Most LLM apps overpay

A trivial "reverse this string" and a gnarly multi-step refactor usually go to the same expensive endpoint. The standard fix is a router: a learned classifier that decides "easy → cheap model, hard → expensive." RouteLLM, FrugalGPT, Hybrid LLM and AutoMix all do versions of this, and they work — but every one needs labelled training data for your task domain. That label-collection step is the adoption bottleneck. You can't drop a trained router into a new product on day one.

We wanted to know how much of the benefit you can get with none of the training.

The idea: let the cheap model check itself

Call the cheap model twice on the same task, with two different persona prompts — one a "careful, methodical programmer," the other a "pragmatic senior engineer who writes the simplest thing that works." Then:

If the two answers agree, framing didn't matter — the task was easy. Keep the cheap answer.
If they disagree, the task is sitting on a decision boundary where small perturbations change the output. That's your difficulty signal. Escalate to the expensive model.

The difficulty signal is manufactured at inference time, for free, out of the model's own (in)consistency. It's a reframe of self-consistency (Wang et al., 2022) — but used as a cost signal instead of an accuracy one. The arithmetic clears one bar: two cheap calls must cost less than one expensive call. At current Claude pricing, Haiku-twice beats Sonnet-once while the tier gap stays ~3×. It does.

The catch nobody warns you about: what does "agree" mean?

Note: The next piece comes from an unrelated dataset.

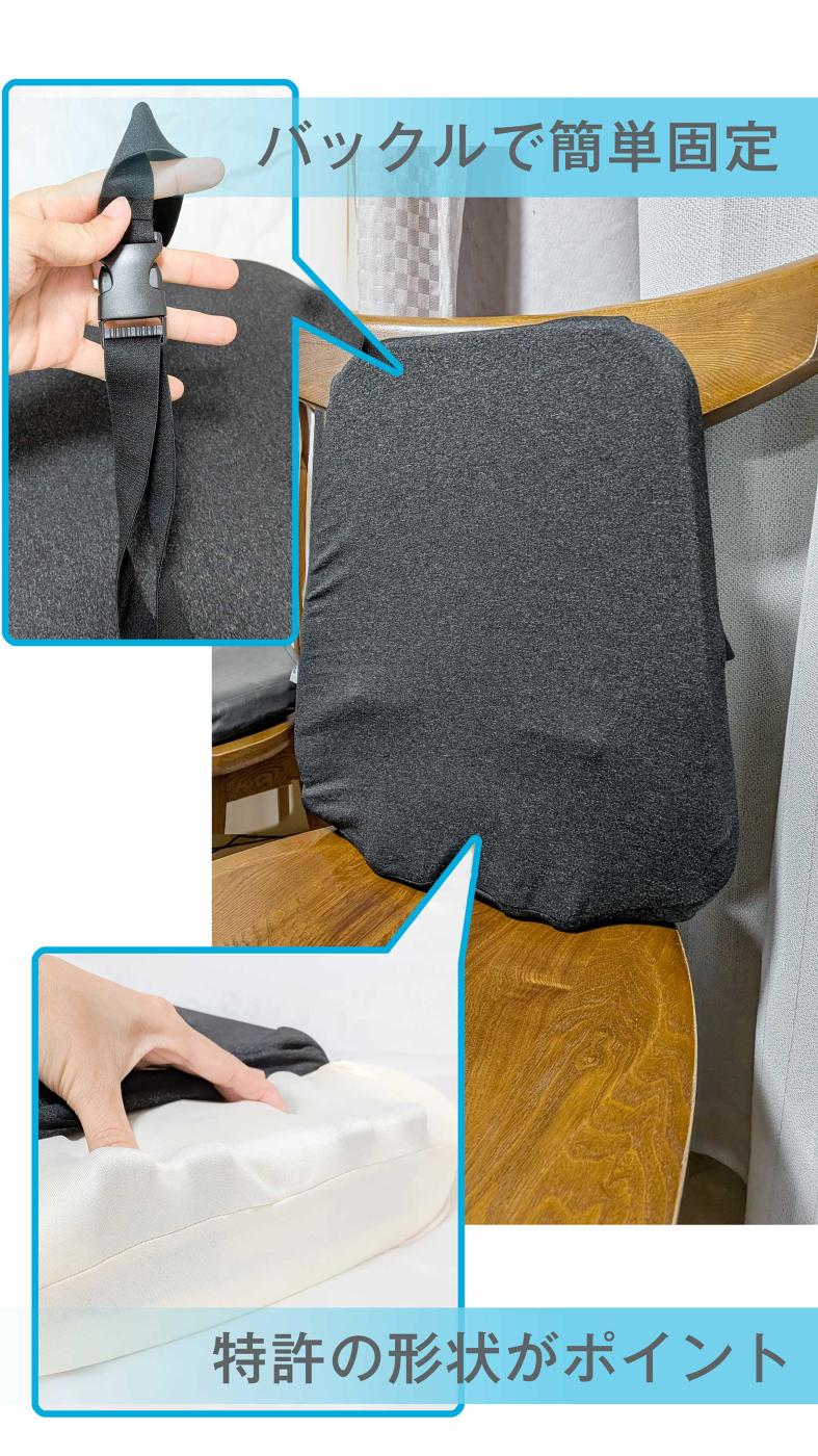 正しい姿勢を意識しなくても続けられるように設計したクッションだそうで
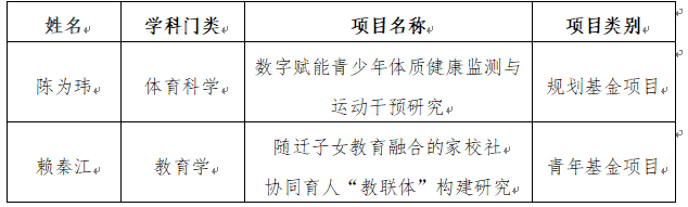 此次项目的成功立项,既是对两位青年教师学术素养、研究能力与项目设计价值的认可,同时又是聚焦“数字赋能与青少年体质健康”、“随迁子女教育融合与协同育人” 等前沿议题,为公司在体育科学、教育学相关领域的研究拓展了新方向、开辟了新赛道,有利于进一步提升公司在人文社会科学领域的学术影响力。

"If the two answers agree" sounds simple until you implement agree(a, b) for code. Two programs can be character-identical, or solve the same problem with a loop vs a comprehension, a dict vs a class, different names, different decomposition — all "agreement" in the sense that matters (same behaviour) and "disagreement" in the sense that's easy to measure (different text).

The ladder of agreement signals we tested

Signal	What it checks	Extra cost
lexical	normalized text match	free
AST	Python syntax-tree structure match	free
judge	a third Haiku call: "are these equivalent?"	+1 cheap call
small-judge	same question, asked to a local Qwen 2.5 7B	~free (local compute)
oracle	ground truth: do the answers pass the hidden tests?	not deployable

The oracle isn't a real strategy — it cheats by looking at test results you'd never have in production. We include it to mark the ceiling. The research question is how close a deployable signal gets to it.

Results: HumanEval hard slice

All arms over HumanEval 100–163 (the first hundred tasks are too easy to separate arms). Cost in units where Haiku = 1, Sonnet = 3 per call. "Oracle alignment" = how often the signal escalates on exactly the tasks the oracle would.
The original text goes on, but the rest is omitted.